As we look ahead to the second quarter of FY15, we anticipate revenues which range from $410 million to $430 million. We expect normal winter weather patterns, network investments by several large customers, decreases from rural customers on stimulus projects, and some customer spending modulations as strategies adapt to a changing environment.

Gross margin percentage is expected to expand from the Q2 2014 results, reflecting an improving mix of growth opportunities and an expectation for normal winter weather patterns. Total G&A expenses will reflect scale and recent M&A. Stock-based compensation is expected at approximately $3.7 million for the quarter. Depreciation and amortization on a combined basis is expected to range from $23.4 million to $23.7 million, including amortization expense of $4.1 million in Q2 2015.

Interest expense is expected at approximately $6.7 million. Other income from asset sales is expected to range from $1.4 million to $1.7 million. Taxes are expected to continue just under a 40% effective rate during FY15.

The applicable factors are expected to generate an adjusted EBITDA margin percentage which expands from the Q2 2014 result, and earnings per share which are currently expected to range from $0.07 to $0.14 per diluted share. We expect approximately 35.2 million diluted shares during Q2 2015, with shares gradually increasing in subsequent quarters, reflecting the future vesting of equity awards.

Now going to slide 12, looking ahead to Q3 of FY15, our expectations currently reflect continued industry trends of network investments, a decline from rural customers on stimulus projects, some customer spending modulation, and normal timing uncertainty associated with large-scale deployments. These factors are expected to result in third-quarter revenue percentage growth of mid-single to high-single digits compared to Q3 2014, including revenues of recently acquired companies.

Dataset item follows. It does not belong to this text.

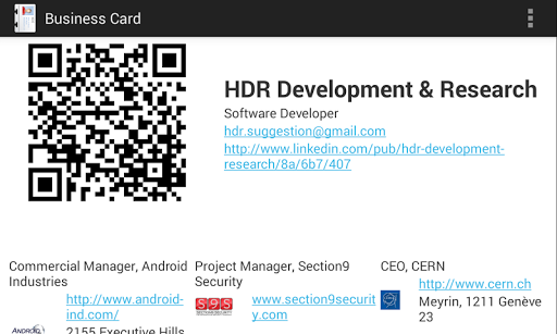 - You can show your professional data on the screen of your device (vertical and horizontal format), as if it was a traditional paper Business Card, or export it as a png file in your main storage device.

As we look to our Q3 2015, we have based our outlook on normal winter weather, and expect margins to improve over the Q3 2014 result. We expect our G&A expense percent to be in-line year over year, and to include non-cash stock-based compensation of approximately $3.3 million. Adjusted EBITDA margin percentage is currently expected to expand year over year.

Other factors influencing results include depreciation and amortization on a combined basis, which is expected to range from $23.5 million to $24 million; interest expense of approximately $6.6 million to $6.7 million; and other income from asset sales, which ranges from $3 million to $4 million.

Now I will turn the call back to Steve.

Steven Nielsen - Dycom Industries Inc - President & CEO

Thanks, Drew.

Moving to slide 13, within an improving economy, we experienced the effects of a solid industry environment, and capitalized on our significant strengths. First and foremost, we maintained strong customer relationships throughout our markets. We continued to win projects and extend contracts at attractive pricing. Secondly, the strength of those relationships and the extensive market presence they have created has allowed us to be at the forefront of evolving industry opportunities.

The end-market drivers of these opportunities remain firm and are strengthening. Telephone companies are deploying fiber to the home and fiber to the node technologies to enable video offerings, and in some instances, 1 gigabit high-speed connections. These deployments are accelerating and impacting our business.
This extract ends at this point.